The C is for Crank
Rob McKenna's Free Market Contradiction

At his Skyped-in speech to a group of health care reform advocates earlier this week, Republican state attorney general (and gubernatorial candidate) Rob McKenna, who sued the federal government to overturn the mandate that all Americans get health insurance, made a point that seemed at odds with his "competitive marketplace" approach to health care, which casts doctors as salespeople, patients as consumers, and health care as a product.
Between arguing that patients should get financial incentives (for example, a high-deductible plan with a limited amount of money deposited in a "health savings account") to use fewer health-care benefits and saying we won't have a national health care system until "the [Geico Insurance] gecko on TV [is] selling us health insurance, McKenna (who's suing to overturn the part of the health care law that requires all Americans to get health care on the grounds that it forces consumers to buy a product) made this out-of-synch argument against standalone "urgent care centers"---private emergency clinics that may or may not be affiliated with a hospital:
We see overexpenditures in some cases. We have an awful lot of urgent care centers being opened all over the landscape. How many of these mini-ER departments do we actually need? Because it seems to me that when you build it it, will be used, whether it's a hospital bed, an ER department, an MRI machine, or what have you.

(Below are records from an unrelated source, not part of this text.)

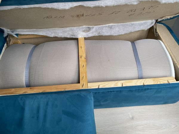 Kavč, raztegljiv, brez blazin in z dodatno nadvzmetnico ter taburejem. Ko je raztegnjen postane lezišče velikosti 190x140, za boljše udobje spanja pa prilagamo še nadvzmetnico enakih dimenzij iz spominske pene.
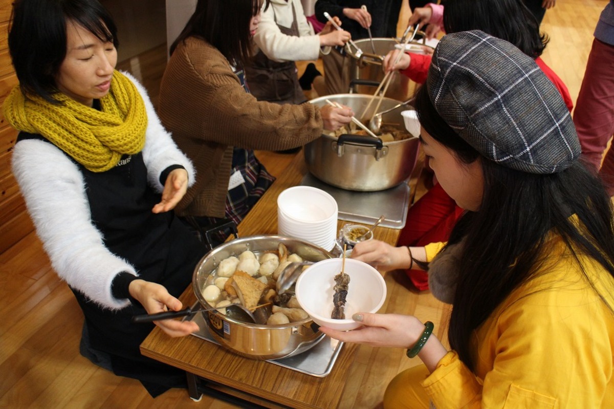 とくに地元の赤郷地区の方々が公民館で準備された宴会では、秋祭り伝統の神楽披露から餅つき、美祢の地酒に地域のお母さんたち心尽くしの郷土料理でもてなされ、特産の美東ごぼう入りのおでんには、根菜を使った日本の料理に馴染みのない若い留学生たちも「おいしい!」を連発、地域の方々とも交流が持て、今回のプログラムの中でとりわけ好評だった。しかし地域の側からすれば、たまのお客さんだからこういった歓待も可能かもしれず、農家の繁忙期であればそれどころではないだろうし、これらの体験を定期的なツアー商品として組み込むのは容易いことではないだろう。
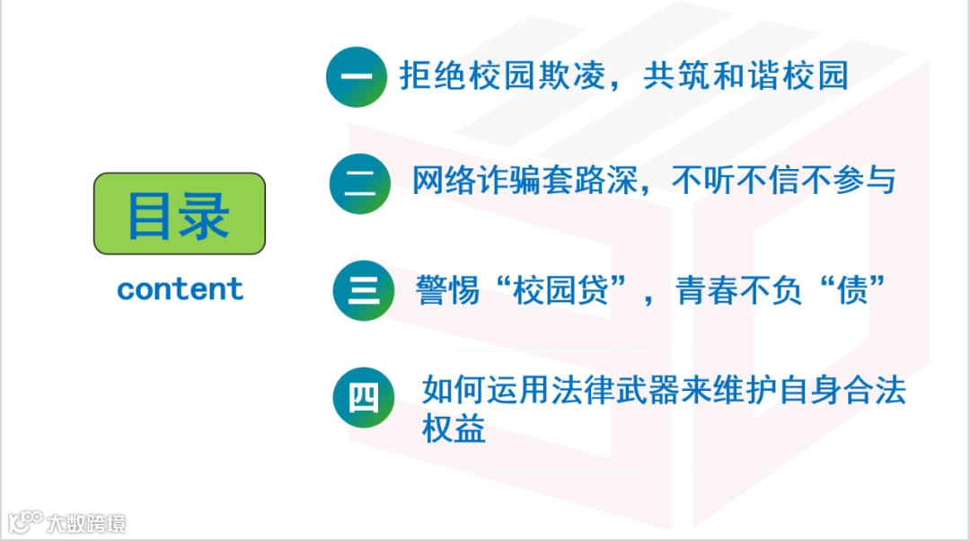 首先,何继义律师就“校园欺凌”这一常见现象,通过法律含义、表现形式、可调整的法律法规、维权方式以及法律责任等方面,引导学生深入认识校园欺凌危害性,拒绝校园欺凌行为。何继义律师还分析了“网络诈骗”常见手法,如实习求职、手机收到不明链接、熟人介绍赚快钱等,提醒学生不要被高薪、高收入蒙蔽双眼,要提高安全防范能力和法律意识,避免成为犯罪团伙的“作案工具”。
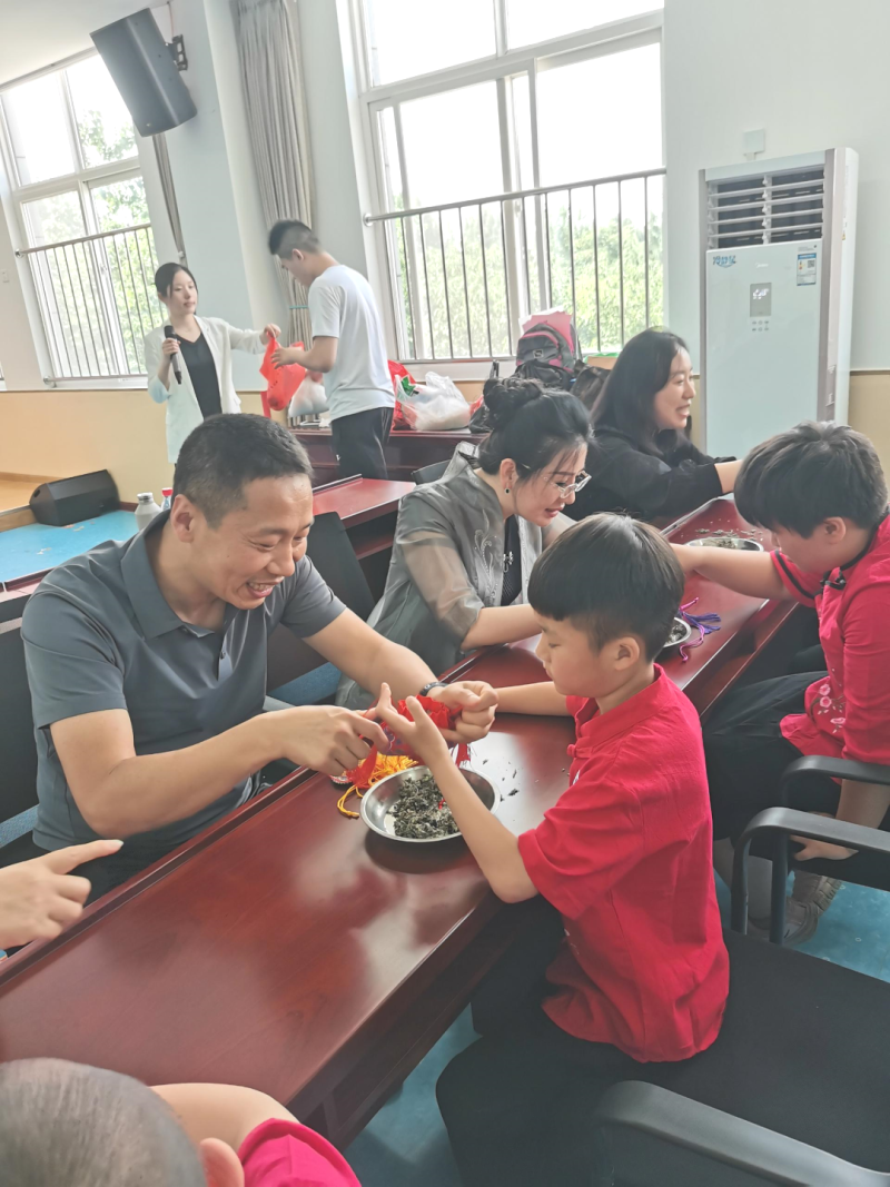 活动现场,来宾们分别向特殊儿童发放蜜儿餐、粽子礼盒等,同时向辛勤付出的老师们发放日护用品,为他们送去节日的祝福。来宾们还与孩子们交流互动,一起制作香包、佩戴五彩绳、“包粽子”,让孩子们感受端午节的传统文化,孩子们幸福的欢笑声回荡在教室里。

But wait a minute. If McKenna is in favor of letting the "market" for health care work things out, why does he object when the market creates urgent health care centers (and does he support government intervention to shut them down)?
No meddling government agency is forcing companies to build urgent care centers; they're building them because they can make money doing so (largely from patients who pay cash instead of charging their insurance, in exchange for a substantial discount). In McKenna's market analogy, the proliferation of private urgent care centers should be value neutral. Instead, he sees it as encouragement for people to thoughtlessly use too many health care services.
McKenna's campaign spokesman, Randy Pepple, has not yet returned a call seeking clarification of McKenna's position on urgent care centers.